3.2. Overall performance of CSSR on experimental 3D structures
As shown in Fig. 2, using C4′, C3′ or P atoms only, the rSS assigned by CSSR achieves an agreement of 0.919, 0.900 and 0.863, respectively, in terms of F1-score (see Section S1 for the definition) relative to the ground-truth assignment. These levels of agreements are 13%, 21% and 138% higher than those achieved by pdb2ss, which is the only existing rSS assignment program for coarse-grained RNA structures. Similar conclusions can be reached based on the Matthews (MCC) instead of F1-score (Table 1). To put this into perspective, sequence-based rSS prediction by RNAstructure (Reuter & Mathews, 2010) using only thermodynamic parameters achieves an F1-score of 0.644 on this data set, indicating that accurate assignment of rSS for this data set is not trivial. In this comparison, among the programs included in the RNAstructure package for rSS prediction, the ProbablePair program is chosen due to its slightly higher F1-score compared with those from other programs, including ProbKnot (F1-score = 0.636), Fold (F1-score = 0.610) and CycleFold (F1-score = 0.408).
|
Notably, using only three atoms per nucleotide (P, C4′ and C1′), CSSR achieves a high agreement (F1-score = 0.944) with ground-truth assignment, which is derived by DSSR (Lu et al., 2015) using the full-atomic RNA structures. This F1-score is almost the same as that achieved by CSSR using a full-atomic structure (F1-score = 0.948) and is comparable to the agreements among full-atomic rSS assignment programs (F1-score = 0.965 for DSSR versus RNAView; F1-score = 0.942 for DSSR versus MC-Annotate; Table 1). These data suggest that three backbone atoms are sufficient to accurately define the local geometry of an RNA structure.

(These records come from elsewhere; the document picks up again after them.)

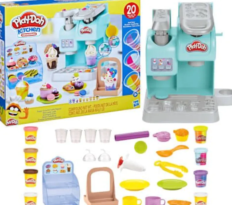 Das Knetspaß Café ermöglicht kleinen Baristas, in ihrem eigenen Café fantasievolle Play-Doh Getränke zu servieren. Mit dem Spielzeug Kaffee- Automaten lassen sich Becher mit bunter Spielknete füllen, drehen, zur Topping-Station verschieben und mit Play-Doh Knete im Look von Sahne frisch und fröhlich dekorieren. Mit weiteren Formen entstehen Cookies, Cupcakes und Donuts und können auf dem durchsichtigen Törtchenständer stolz präsentiert werden. Egal, ob Kinder Play-Doh Kaffee, Tee, Eiskaffee, Frappés oder Smoothies kreieren, sie können immer wieder Spaß daran haben, Barista zu spielen. Dieses Spielzeug aus der Play-Doh Knetküche eignet sich für Kinder ab 3 Jahren und enthält 8 Play-Doh Dosen und 20 Accessoires, um die kindliche Fantasie anzuregen. Hasbro, Play-Doh, and all related properties are trademarks of Hasbro.
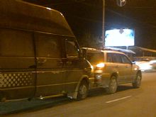 Водитель микроавтобуса рассказал, что видел, как в то время, когда Outlander отъезжал назад, его водитель даже успел снять с себя куртку. А так как на этом участке дороги подъем, водитель, скорее всего, отпустил педаль тормоза и автомобиль плавно покатился назад. Как результат – бамперы обеих машин получили «механические травмы».
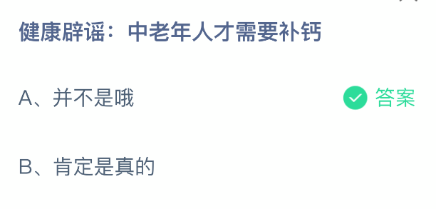 以上就是健康辟谣:中老年人才需要补钙,支付宝蚂蚁庄园2025年11月19日答案最新,更多精彩内容,请点击关注0405手游网更新!

It is more challenging to use the P atom than any other atom for rSS assignment by either CSSR or pdb2ss. This is because the interatomic distance in a canonical base pair is farthest for the P atom compared with all other atom types (Supplementary Fig. S1). Consequently, the distances, dihedrals and angles calculated using P atoms have the largest variations (Supplementary Fig. S1), which makes rSS assignment challenging. We tested whether rSS assignment for the P atom can be improved by combining CSSR and RNAstructure through weighted averaging of their assignment/prediction scores, as these two programs are based on completely different principles. As shown in Table 1, this strategy only leads to a minor improvement of 2% in F1-score under optimal weights of 0.8 and 0.2 for CSSR and RNAstructure, respectively, while the F1-score for other atom types show little to no improvement. Moreover, the inclusion of RNAstructure significantly slows down CSSR: for example, CSSR itself only needs 0.05 s for Lactococcus group II intron (PDB entry 5g2x chain A; 692 nucleotides) but needs 18 s to include RNAstructure. Therefore, in this work, we use CSSR without RNAstructure as the default rSS assignment, although CSSR + RNAstructure is offered as an optional feature in the CSSR standalone program.
While CSSR assigns both Watson–Crick base pairs (A:U and G:C) and wobble base pairs (G:U), the accuracies of Watson–Crick pair assignments are consistently higher than those for wobble pairs for all atomic types (Supplementary Table S3). This is probably due to the much smaller number of wobble base pairs available in experimental structures that can be used to train CSSR (Supplementary Fig. S1). Similarly, due to limited training structures, the current CSSR method cannot assign Hoogsteen/sugar edge base pairs, which are even rarer than wobble base pairs. As more and more experimental RNA structures are determined, it is likely that a future version of CSSR retrained on more structures could improve the assignment accuracies for these non-Watson–Crick base pairs.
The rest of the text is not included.